* **Required work**
Leaving the pictures aside, repeat the entries exactly.

Stored entries
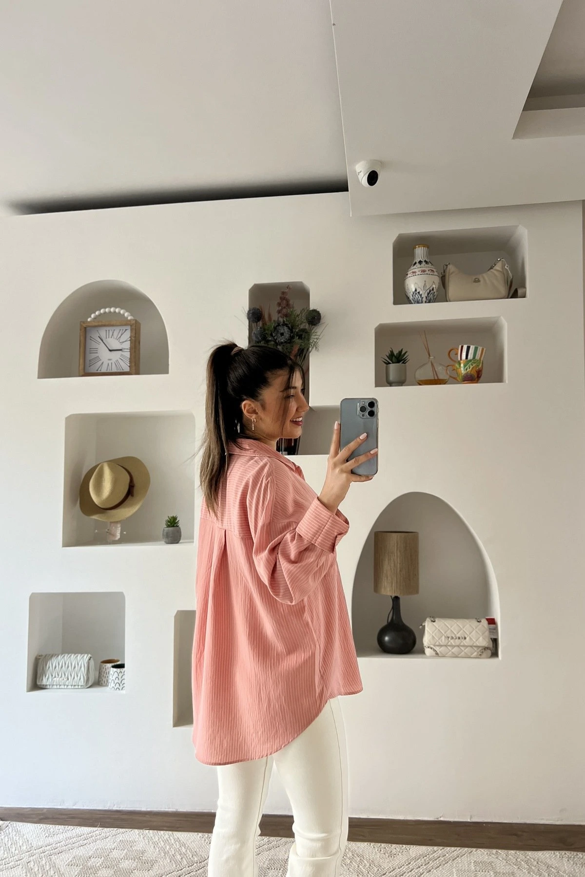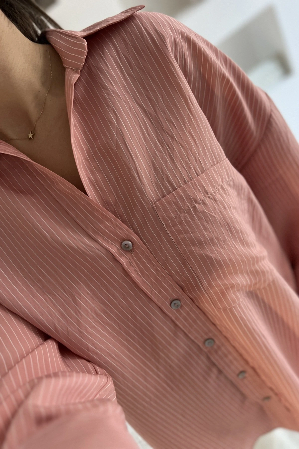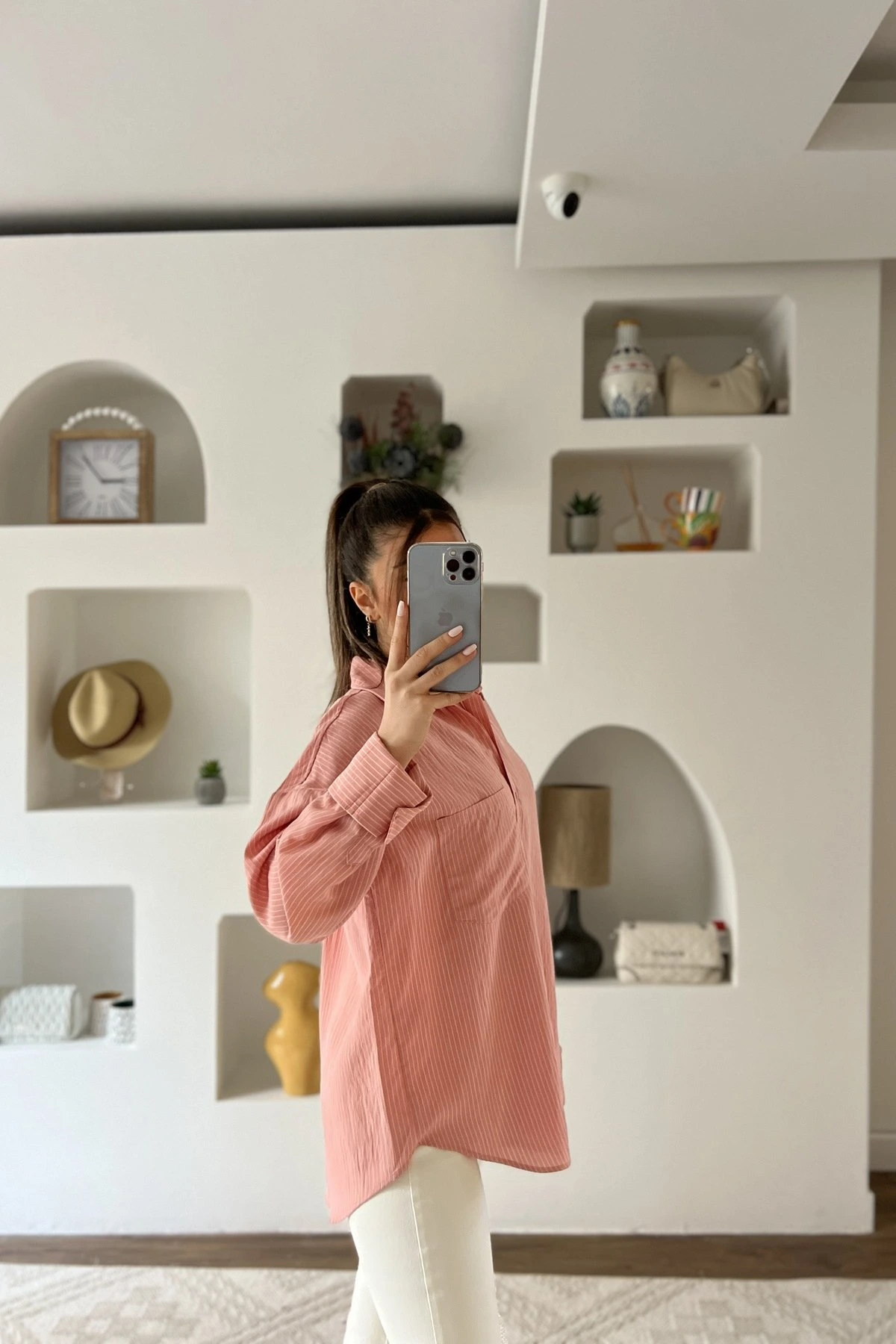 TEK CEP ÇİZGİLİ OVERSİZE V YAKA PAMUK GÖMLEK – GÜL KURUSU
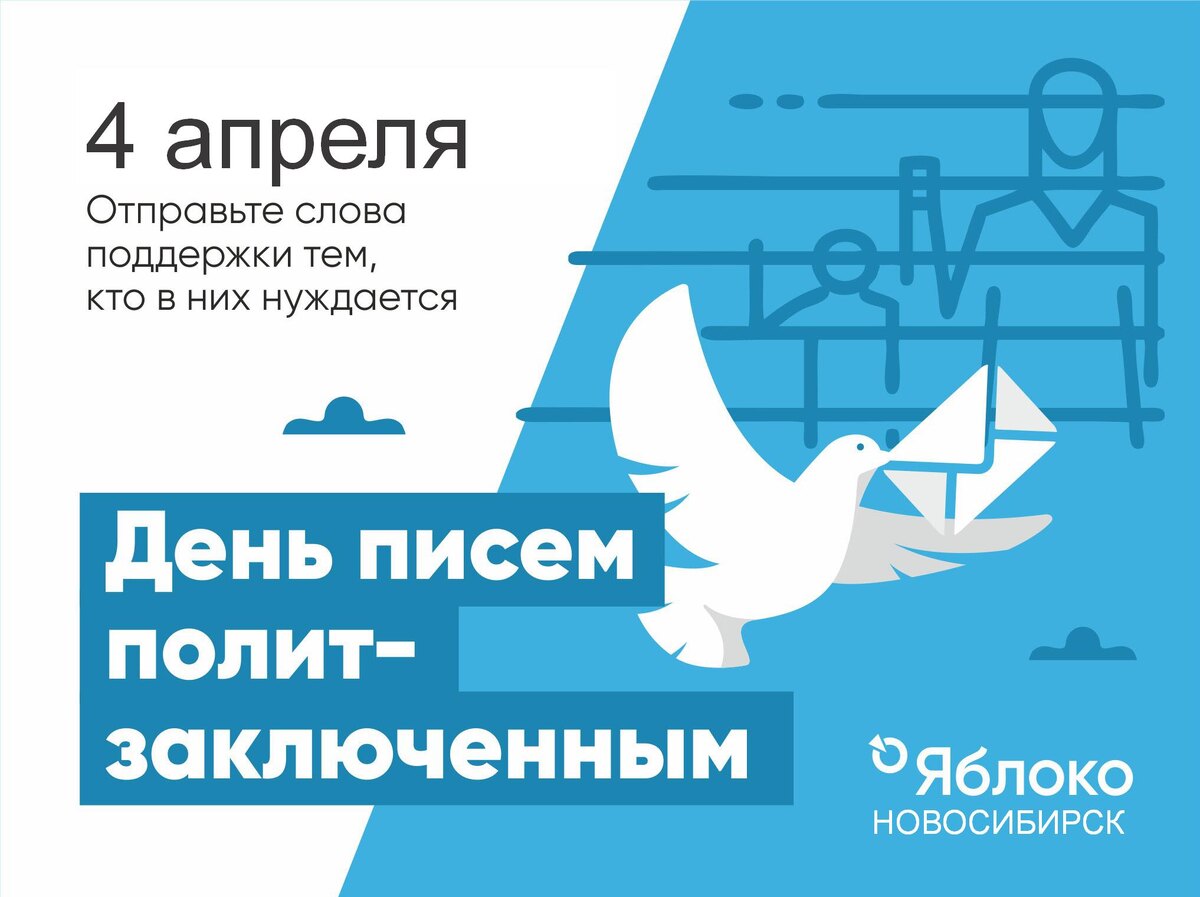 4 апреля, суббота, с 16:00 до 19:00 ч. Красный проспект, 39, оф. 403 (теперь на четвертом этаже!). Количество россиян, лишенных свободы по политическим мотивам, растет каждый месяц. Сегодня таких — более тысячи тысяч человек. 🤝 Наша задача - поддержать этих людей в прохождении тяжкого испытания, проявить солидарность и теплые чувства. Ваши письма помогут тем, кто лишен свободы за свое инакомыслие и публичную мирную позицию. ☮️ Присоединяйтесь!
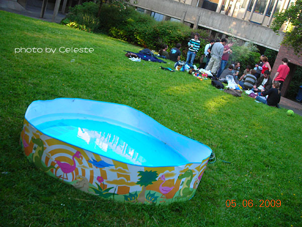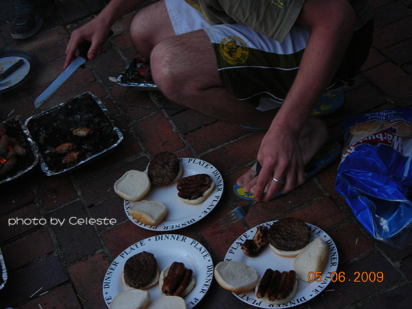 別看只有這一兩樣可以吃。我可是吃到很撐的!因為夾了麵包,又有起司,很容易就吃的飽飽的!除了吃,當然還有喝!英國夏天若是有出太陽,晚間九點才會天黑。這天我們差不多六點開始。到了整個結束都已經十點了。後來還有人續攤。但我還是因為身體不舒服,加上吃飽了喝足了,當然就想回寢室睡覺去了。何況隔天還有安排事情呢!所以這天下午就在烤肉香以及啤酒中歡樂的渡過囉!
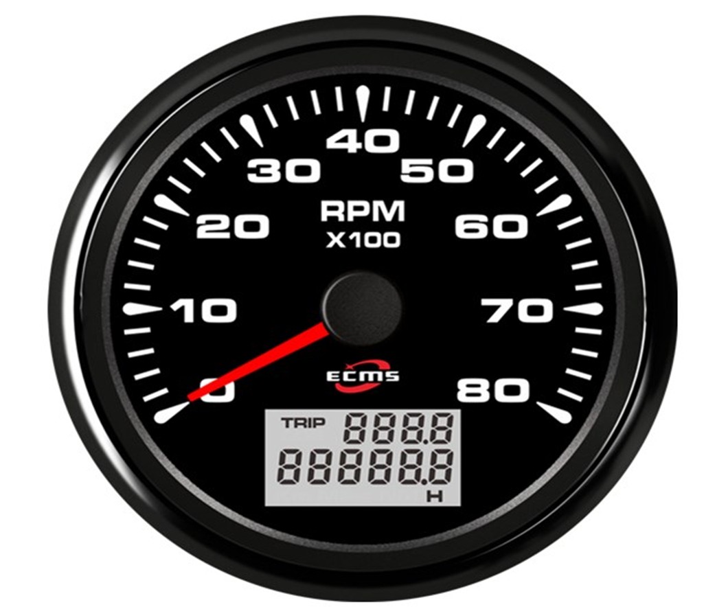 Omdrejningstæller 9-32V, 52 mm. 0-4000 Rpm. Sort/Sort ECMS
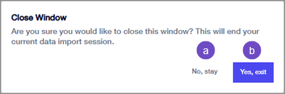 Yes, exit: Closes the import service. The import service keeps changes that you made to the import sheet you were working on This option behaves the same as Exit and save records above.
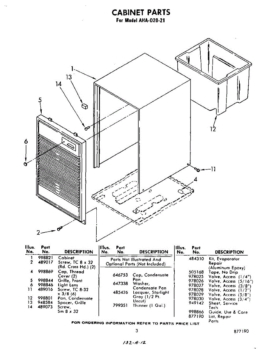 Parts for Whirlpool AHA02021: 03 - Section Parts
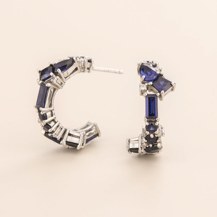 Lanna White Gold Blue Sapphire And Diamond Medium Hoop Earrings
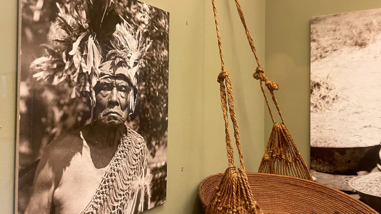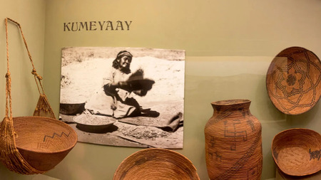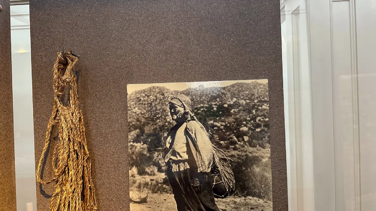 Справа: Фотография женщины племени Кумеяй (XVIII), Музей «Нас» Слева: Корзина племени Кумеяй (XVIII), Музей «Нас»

* **Your response**
 TEK CEP ÇİZGİLİ OVERSİZE V YAKA PAMUK GÖMLEK – GÜL KURUSU
 4 апреля, суббота, с 16:00 до 19:00 ч. Красный проспект, 39, оф. 403 (теперь на четвертом этаже!). Количество россиян, лишенных свободы по политическим мотивам, растет каждый месяц. Сегодня таких — более тысячи тысяч человек. 🤝 Наша задача - поддержать этих людей в прохождении тяжкого испытания, проявить солидарность и теплые чувства. Ваши письма помогут тем, кто лишен свободы за свое инакомыслие и публичную мирную позицию. ☮️ Присоединяйтесь!
 別看只有這一兩樣可以吃。我可是吃到很撐的!因為夾了麵包,又有起司,很容易就吃的飽飽的!除了吃,當然還有喝!英國夏天若是有出太陽,晚間九點才會天黑。這天我們差不多六點開始。到了整個結束都已經十點了。後來還有人續攤。但我還是因為身體不舒服,加上吃飽了喝足了,當然就想回寢室睡覺去了。何況隔天還有安排事情呢!所以這天下午就在烤肉香以及啤酒中歡樂的渡過囉!
 Omdrejningstæller 9-32V, 52 mm. 0-4000 Rpm. Sort/Sort ECMS
 Yes, exit: Closes the import service. The import service keeps changes that you made to the import sheet you were working on This option behaves the same as Exit and save records above.
 Parts for Whirlpool AHA02021: 03 - Section Parts
 Lanna White Gold Blue Sapphire And Diamond Medium Hoop Earrings
 Справа: Фотография женщины племени Кумеяй (XVIII), Музей «Нас» Слева: Корзина племени Кумеяй (XVIII), Музей «Нас»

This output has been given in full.